[Feature] Dissolve Boundaries
JosiahParry opened this issue · 13 comments
A common GIS task is to dissolve boundaries based on shared boundaries of polygons. Doing this with R always bends my head a little bit.
I think having a utility function in {sf} to do this would be very handy.
Here is a minimal example of how that function might work. Using spdep
is probably the best for this task because it already has functions for identifying contiguous polygons as well as the connected subgraphs.

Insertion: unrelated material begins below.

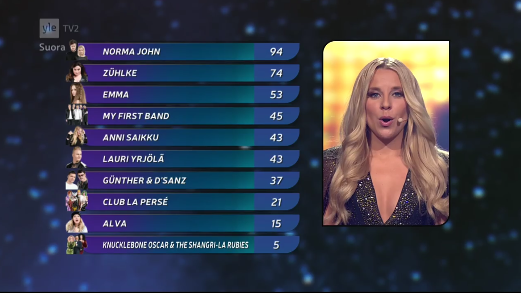 Krista Siegfrids ha sido la encargada de conducir la final nacional donde son los 10 participantes se han enfrentado al público y al jurado con el objetivo de convertirse en el abanderado que defenderá los colores de la bandera de Finlandia en Eurovisión 2017.
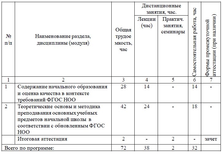 Вводная часть курса рассматривает вопросы общей структуры ФГОС НОО, требования к преподаванию, качеству обучения и его результатам в соответствии со стандартом. Основное содержание программы раскрывает вопросы теории и методики преподавания учебных предметов (отдельных разделов) на ступени начального общего образования в соответствии с ФГОС.

This is inspired by @CGMossa's PhD work
dissolve_boundaries <- function(x) {
if (!requireNamespace("spdep")) {
stop("spdep is needed to use this function")
}
crs <- sf::st_crs(x)
nbs <- spdep::poly2nb(x)
nb_ids <- attr(nbs, "ncomp")[["comp.id"]]
res <- lapply(
split(x, nb_ids),
sf::st_union,
is_coverage = TRUE
)
sf::st_sfc(
unlist(res, recursive = FALSE),
crs = crs
) |> sf::st_combine()
}
It took me a few minutes to understand what exactly this function would do in comparison to st_cast(st_union(x), "POLYGON")
so I made a little reprex to show it.
library(sf)
nc = read_sf(system.file("shape/nc.shp", package="sf"))
set.seed(241)
test = nc[sample(nrow(nc), 18),] |> st_geometry()
a = test |> st_union() |> st_as_sf()
a$id = 1:nrow(a)
b = a |> st_cast("POLYGON") |> st_as_sf()
#> Warning in st_cast.sf(a, "POLYGON"): repeating attributes for all
#> sub-geometries for which they may not be constant
b$id = 1:nrow(b)
c = test |> dissolve_boundaries() |> st_as_sf()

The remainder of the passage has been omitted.